AIM OF THE TASK: Only one span of the listing below should come back. It runs from the line with "Adjustable-Arm Three-Seater Sofa" through the line with "Костюм двухпредметный: состоит", and each of its lines must be reproduced exactly.

SUPPLIED MATERIAL:

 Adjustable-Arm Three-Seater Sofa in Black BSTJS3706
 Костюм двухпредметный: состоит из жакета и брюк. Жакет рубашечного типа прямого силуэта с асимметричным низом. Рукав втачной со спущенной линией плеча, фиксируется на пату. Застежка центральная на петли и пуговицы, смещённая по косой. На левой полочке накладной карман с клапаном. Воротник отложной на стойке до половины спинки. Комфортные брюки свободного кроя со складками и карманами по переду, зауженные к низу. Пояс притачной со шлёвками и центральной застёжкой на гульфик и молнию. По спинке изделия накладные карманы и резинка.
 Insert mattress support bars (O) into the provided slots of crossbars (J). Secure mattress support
--
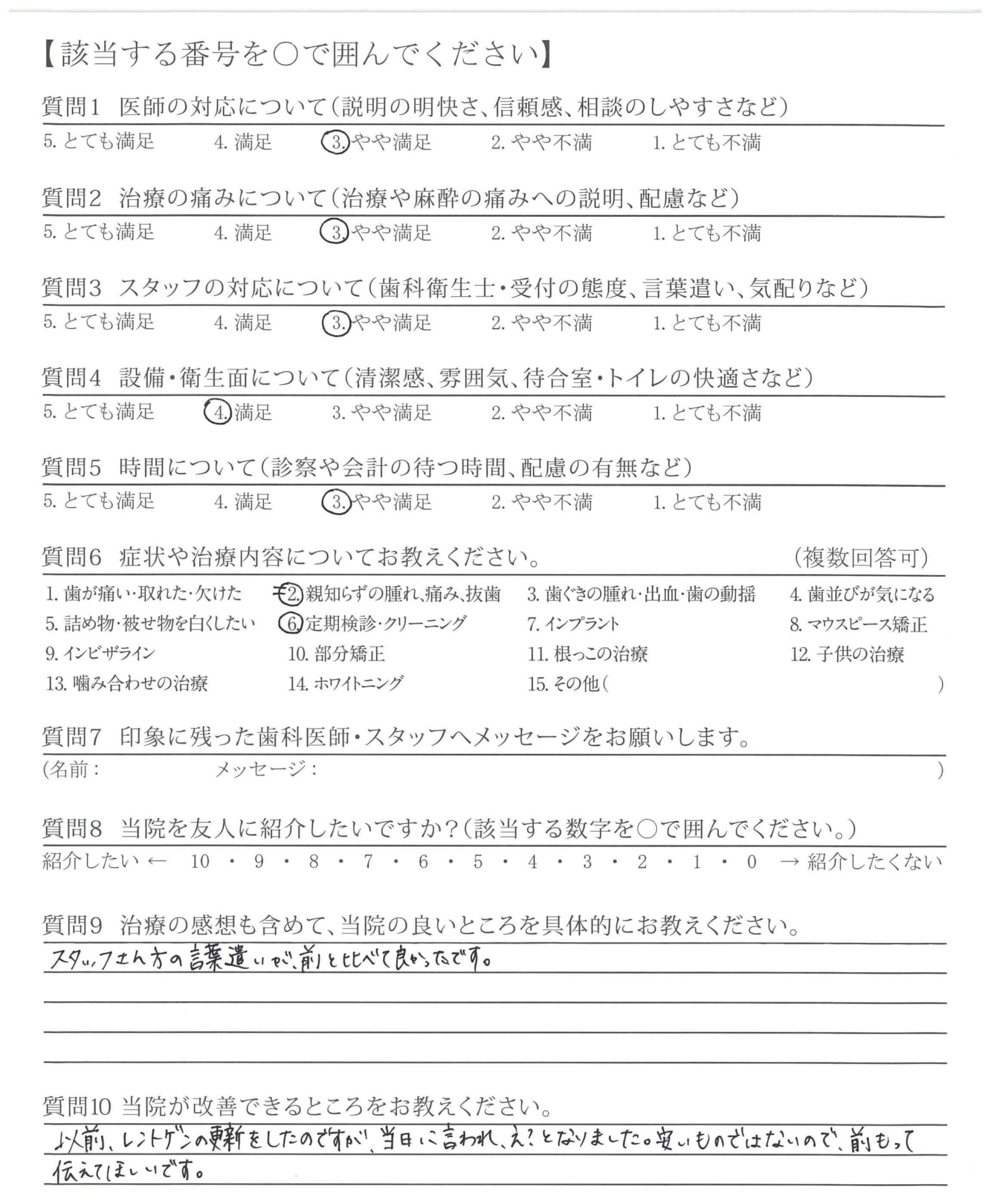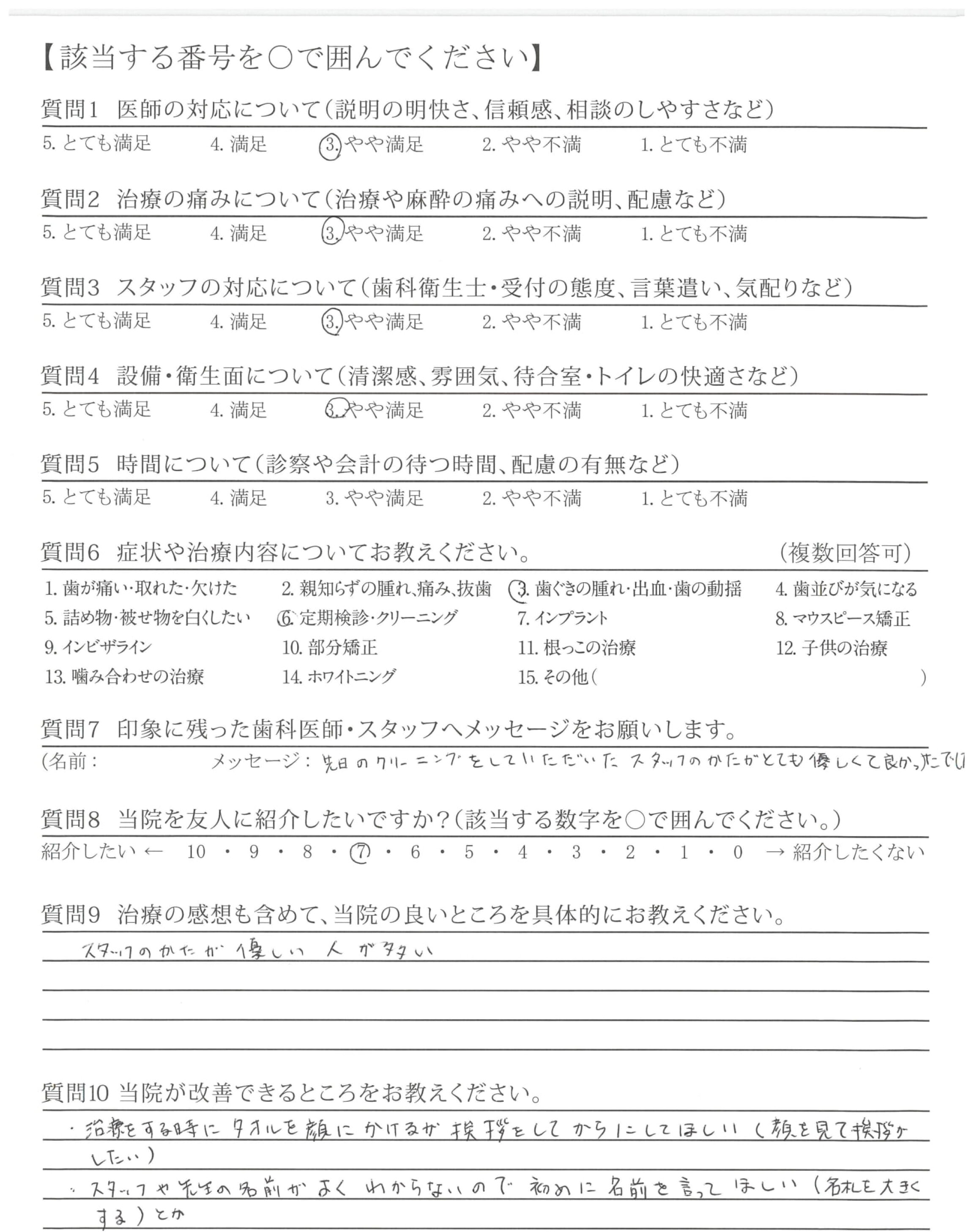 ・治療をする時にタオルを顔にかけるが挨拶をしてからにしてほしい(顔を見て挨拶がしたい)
* * *
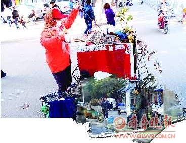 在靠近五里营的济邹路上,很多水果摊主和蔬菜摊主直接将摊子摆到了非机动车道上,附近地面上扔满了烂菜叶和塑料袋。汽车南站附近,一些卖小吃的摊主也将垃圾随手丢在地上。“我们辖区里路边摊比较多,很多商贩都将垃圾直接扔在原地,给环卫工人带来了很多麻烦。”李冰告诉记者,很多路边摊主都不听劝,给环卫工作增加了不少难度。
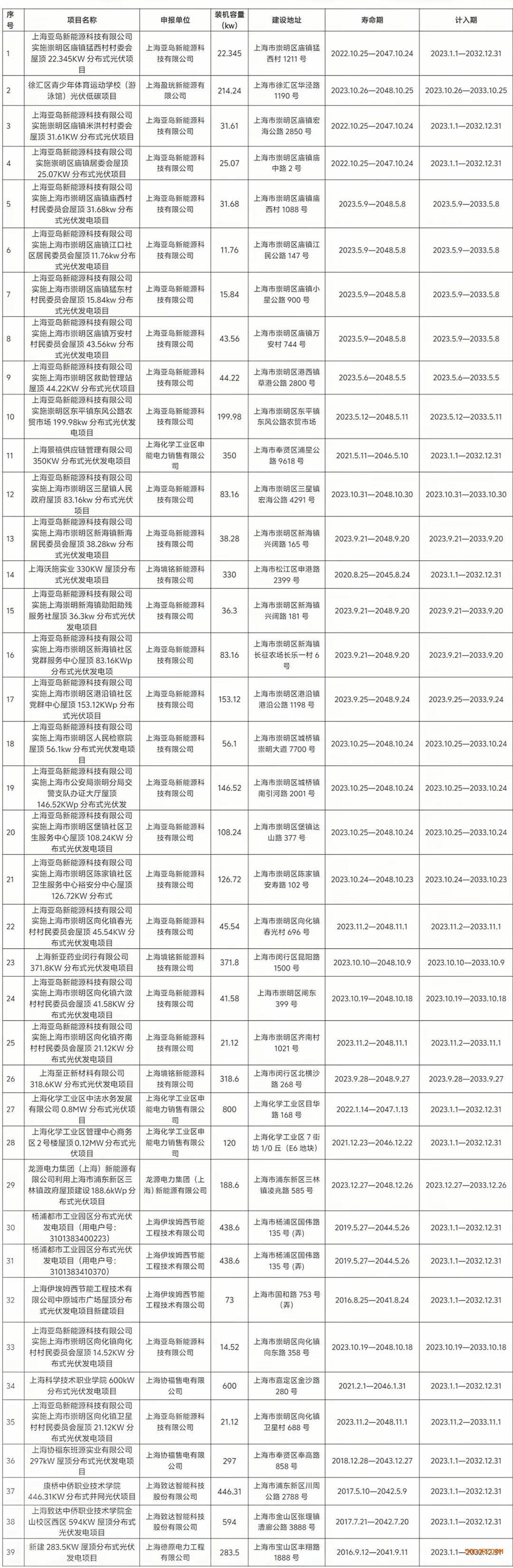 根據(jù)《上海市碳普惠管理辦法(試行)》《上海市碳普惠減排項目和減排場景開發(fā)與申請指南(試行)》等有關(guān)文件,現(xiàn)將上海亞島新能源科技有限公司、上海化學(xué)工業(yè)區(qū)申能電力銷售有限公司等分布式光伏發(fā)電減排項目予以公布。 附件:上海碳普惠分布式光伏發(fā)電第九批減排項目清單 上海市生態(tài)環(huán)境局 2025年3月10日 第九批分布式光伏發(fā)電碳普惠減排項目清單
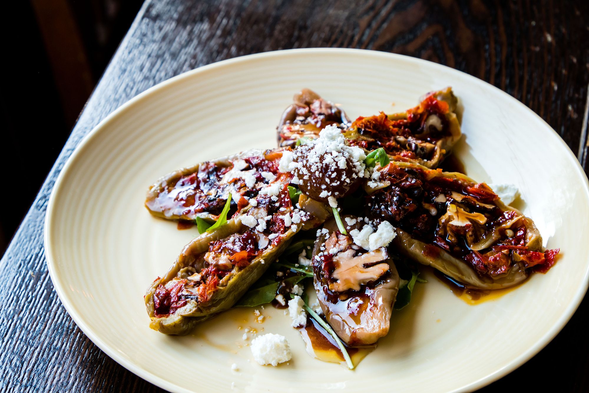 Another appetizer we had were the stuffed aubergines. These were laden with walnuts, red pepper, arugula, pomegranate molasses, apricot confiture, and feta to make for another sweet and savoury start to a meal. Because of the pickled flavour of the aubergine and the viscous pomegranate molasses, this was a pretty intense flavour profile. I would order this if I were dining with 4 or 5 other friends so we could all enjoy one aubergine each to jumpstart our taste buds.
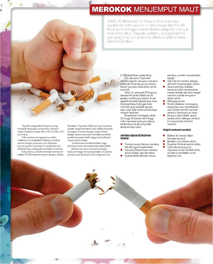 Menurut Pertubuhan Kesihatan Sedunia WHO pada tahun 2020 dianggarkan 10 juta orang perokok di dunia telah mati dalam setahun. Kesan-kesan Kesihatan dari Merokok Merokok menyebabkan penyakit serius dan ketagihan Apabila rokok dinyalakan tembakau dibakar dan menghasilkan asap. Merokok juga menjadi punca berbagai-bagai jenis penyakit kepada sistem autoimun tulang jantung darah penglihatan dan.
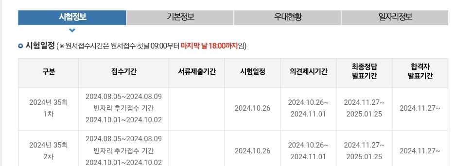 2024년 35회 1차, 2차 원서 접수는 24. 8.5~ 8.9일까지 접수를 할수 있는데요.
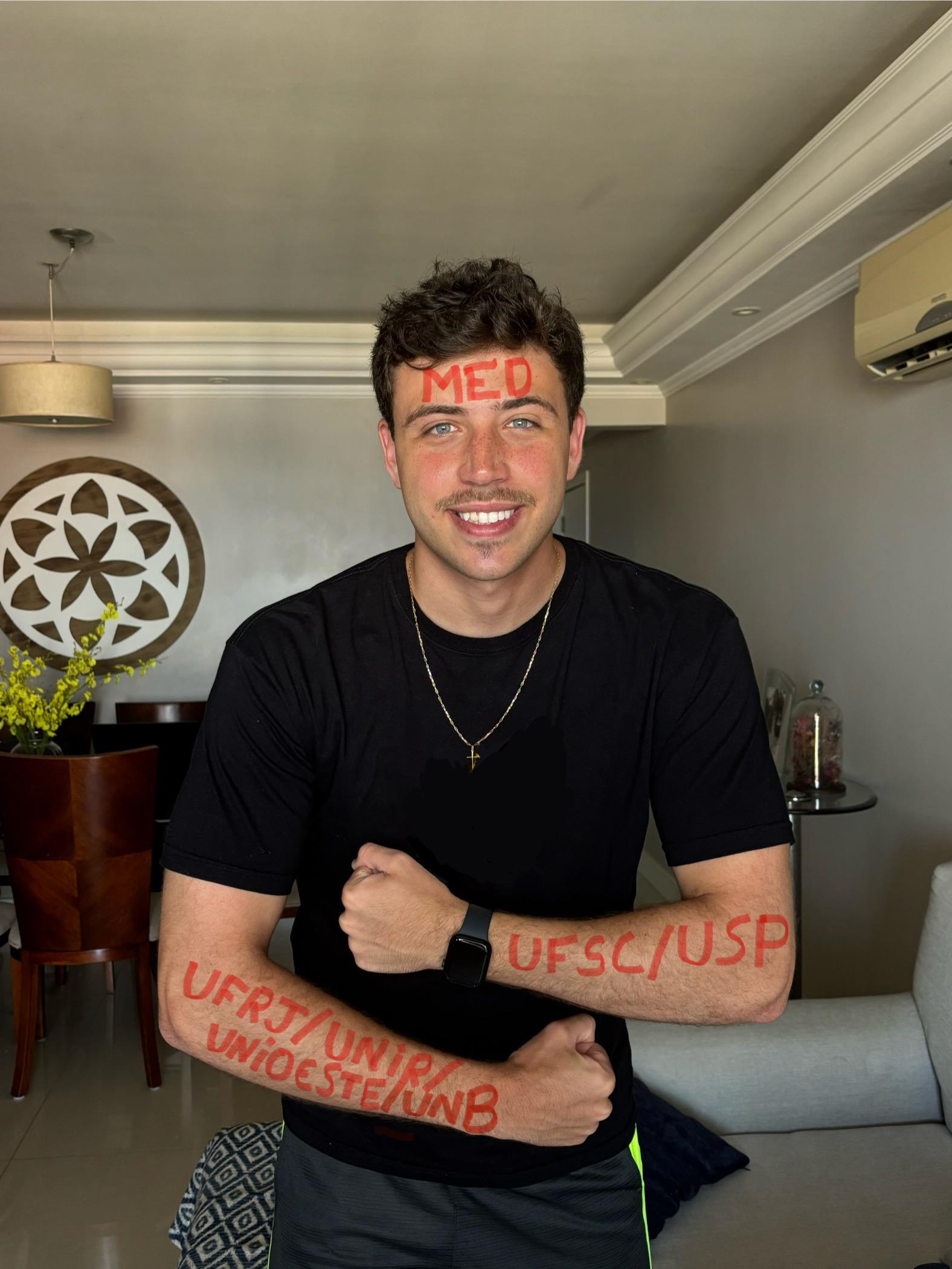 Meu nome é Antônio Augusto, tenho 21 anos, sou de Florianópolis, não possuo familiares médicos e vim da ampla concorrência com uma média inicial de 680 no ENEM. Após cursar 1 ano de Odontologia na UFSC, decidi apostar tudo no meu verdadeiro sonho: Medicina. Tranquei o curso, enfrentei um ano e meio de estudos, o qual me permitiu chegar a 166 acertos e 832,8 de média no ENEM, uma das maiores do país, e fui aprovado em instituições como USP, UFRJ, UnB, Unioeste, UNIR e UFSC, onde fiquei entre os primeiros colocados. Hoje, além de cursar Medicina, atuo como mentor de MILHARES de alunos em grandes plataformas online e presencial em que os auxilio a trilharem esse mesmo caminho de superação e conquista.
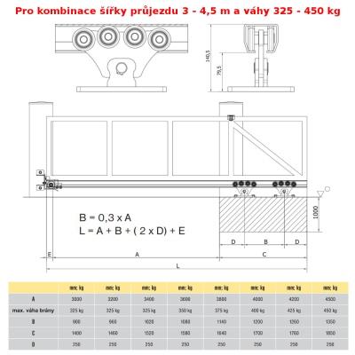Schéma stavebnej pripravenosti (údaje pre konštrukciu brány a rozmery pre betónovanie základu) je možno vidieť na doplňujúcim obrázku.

SOLVED PROBLEM:
 Adjustable-Arm Three-Seater Sofa in Black BSTJS3706
 Костюм двухпредметный: состоит из жакета и брюк. Жакет рубашечного типа прямого силуэта с асимметричным низом. Рукав втачной со спущенной линией плеча, фиксируется на пату. Застежка центральная на петли и пуговицы, смещённая по косой. На левой полочке накладной карман с клапаном. Воротник отложной на стойке до половины спинки. Комфортные брюки свободного кроя со складками и карманами по переду, зауженные к низу. Пояс притачной со шлёвками и центральной застёжкой на гульфик и молнию. По спинке изделия накладные карманы и резинка.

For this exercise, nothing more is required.